Questions about the guardians Notes for February 8

Main points

We talked about four questions:

  1. Why should philosophers rule in the best city?
  2. What are philosophers?
  3. Why are philosophers frequently unsavory or useless?
  4. Why would even good philosophers be willing to run the city?

Forms and philosophers

Philosophers should rule because they know what is good. They both have the inclination to learn about what is really good and the ability to discover the answer. The other members of the city have neither the inclination nor the ability to know the good.

But what is this really good or “the” good of which Plato speaks?

The answer to that question took us on an extensive discussion of Plato’s doctrine of the forms and, in particular, the form of the good. Forms are what explain why particular things have the qualities that they do, such that otherwise diverse things could all be brown, beautiful, rectangular, or good. Philosophers are interested in forms. Unlike other people, they are not content to have a lot of knowledge of particular things that they get through their everyday experience of the world: “the many beautiful things are visible but not intelligible, while the forms are intelligible but not visible” (507b).

I used analogies to our understanding of the sciences in order to illustrate the sort of thing that Plato meant.
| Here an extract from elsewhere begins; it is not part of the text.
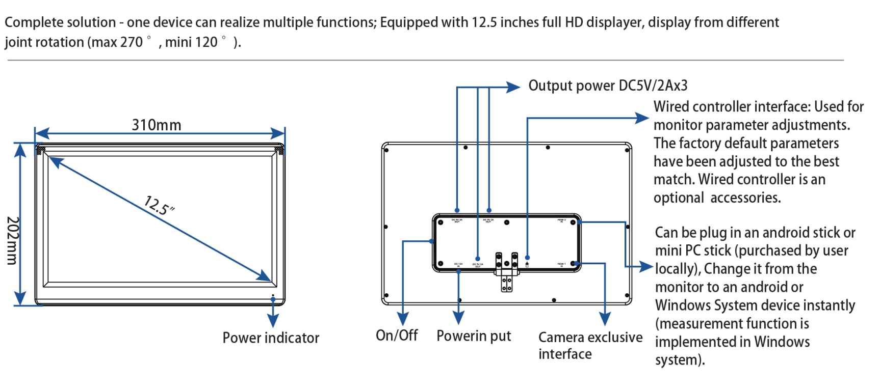 HD200-M is a professional imaging system of camera integrated with displayer, which uses high-performance CMOS on image capture and adopts high-resolution fog LCD to truly restore images. With multi-angle and multi-joint rotation, the display is designed flexibly and easy to use, which meets the requirement of fast and efficient inspection. Equipped with wired controller to facilitate operation.
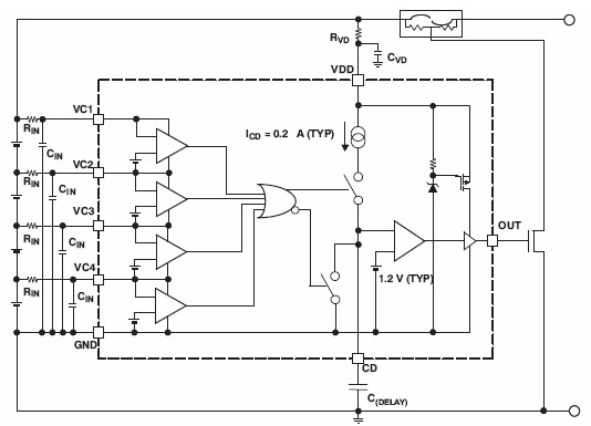 6.根据锂电池锂离子的安全特性,在保护电路中特定加入了锂电二次保护电路,针对常规保护电路失效后,通过二次保护电路检测电池电芯电压,当电池组某一电芯电压高于二次保护电路设定电压时,通过二次保护电路控制串接在电流回路中的温度保护器件动作进行切断电流回路,确保电池组不被充电过压而引起的爆炸或其它安全事故。

Roughly, we think that the laws of physics and the entities that are mentioned in those laws best describe ultimate reality. Their description of ultimate reality is quite different from everyday experience: tables aren’t actually solid, for instance. But we still believe that what physicists tell us about tables is more accurate than what our eyes tell us.

There two big difference between our scientific image of the world and Plato’s.

First, as Will pointed out, scientific knowledge is based on sensory experiences. We devise experiments and instruments that enable us to extend what we can learn by the senses beyond what we gain from everyday experience. But it all comes down to experience nonetheless. For Plato, by contrast, mathematics provided the model of knowledge. But mathematics has nothing to do with anything particular that you can see or touch. When we draw figures like my right triangle, it’s just a way of saying “we’re talking about right triangles now.” It doesn’t mean that we’re going to say anything about the particular figure on the board: after all, it’s unlikely to be a genuine right triangle.

Second, Plato believed that values, such as the good, are part of ultimate reality. The abstract study of these forms will reveal not only the laws governing physical bodies but what is good, beautiful, and the like. This is foreign to our belief that ultimate reality is best studied through the natural sciences.

Why would they agree to rule?

Going back to rule the city seems to be bad for the philosophers. Why would they do it? I said that I thought there were two broad kinds of answers in the Republic.

  1. Justice: the philosophers know that ruling the city is the just or right thing for them to do.
  2. The philosophical life: they do it because they know that this is part of leading the life that they value.

There are advantages and disadvantages to each of these answers.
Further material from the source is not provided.